1.1      General requirements

The parties must enter into the contract freely and voluntarily. Forced labour is prohibited – in terms of section 48 of the BCEA no one can be compelled to work for another. Likewise, no employer can be compelled to take a particular person into service, and as all contracts in our law, parties cannot enter into illegal contracts of employment.


This last requirement is illustrated in Georgieva – Deyanova / Craighall Spar [2004] 9 BALR 1143 (CCMA) where an employer addressed a letter to the employee calling on her to furnish the required proof of legal documentation or a South African identity for her to work in South Africa. A further letter was also sent to the employee for her to provide proof with a deadline. On 1 July 2003, the employer informed the applicant that it could not employ her because of her failure to provide proof of her legal status. The employee approached the CCMA, claiming that she had been unfairly dismissed. In line with three other decisions, the commissioner found the CCMA did not have jurisdiction as the contract of employment was void ab initio (to be treated as invalid from the outset).


It is also necessary for the parties to be in agreement as to the nature of the contract. The employee might for instance believe that he is offered a contract of employment, whilst the employer believes that they are concluding an agency contract. Not only the nature of the contract is important – the parties must also be in agreement as to the contents of the contract.

1.2      Formalities

By common law no formalities are required when an employment contract is concluded. The contract of employment arises when the employee accepts them employer’s offer unconditionally. Although the common law does not require the contract to be in writing, section 29 of the Basic Conditions of Employment Act, requires an employer to supply the employee with written particulars of employment – this does not mean that a written contract is required, or that the contract is void. Certain contracts of employment must be in writing – this is required by other statutes. Examples are those of merchant seamen, learners under the Skills Development Act and candidate attorneys.

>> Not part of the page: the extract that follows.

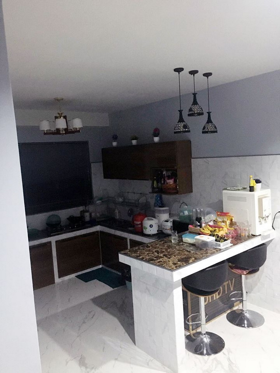 ทางด้านห้องครัวเป้นห้องที่มีขนาดพอเหมาะ ภายในตกแต่งด้วยเคาน์เตอร์ครัวแบบติดผนัง รวมไปถึงเคาน์เตอร์บาร์ จึงสามารถใช้นั่งทานอาหารในห้องครัวได้อย่างสะดวก
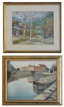 Lotto composto da due dipinti a olio, uno su tela e uno su carta, raffiguranti paesaggi, di autori, tecniche e misure diverse

When the contract is concluded, the parties must agree on the work the employee is required to perform. The employee offers his/her services (labour potential) to the employer (either an individual or juristic person such as a company.) The employee is obliged to do the agreed work, as well as any unspecified task related to the main work, provided that it is not unlawful or beyond the area of expertise of the employee. This means that the employer can tell the employee what to do and how to do it.


The parties must agree on the remuneration to be paid to the employee at conclusion of the contract. Remuneration may be payable in cash and/or in kind (other benefits), and can take many forms, such as a monthly or weekly salary, weekly or daily wages, or even irregular payments.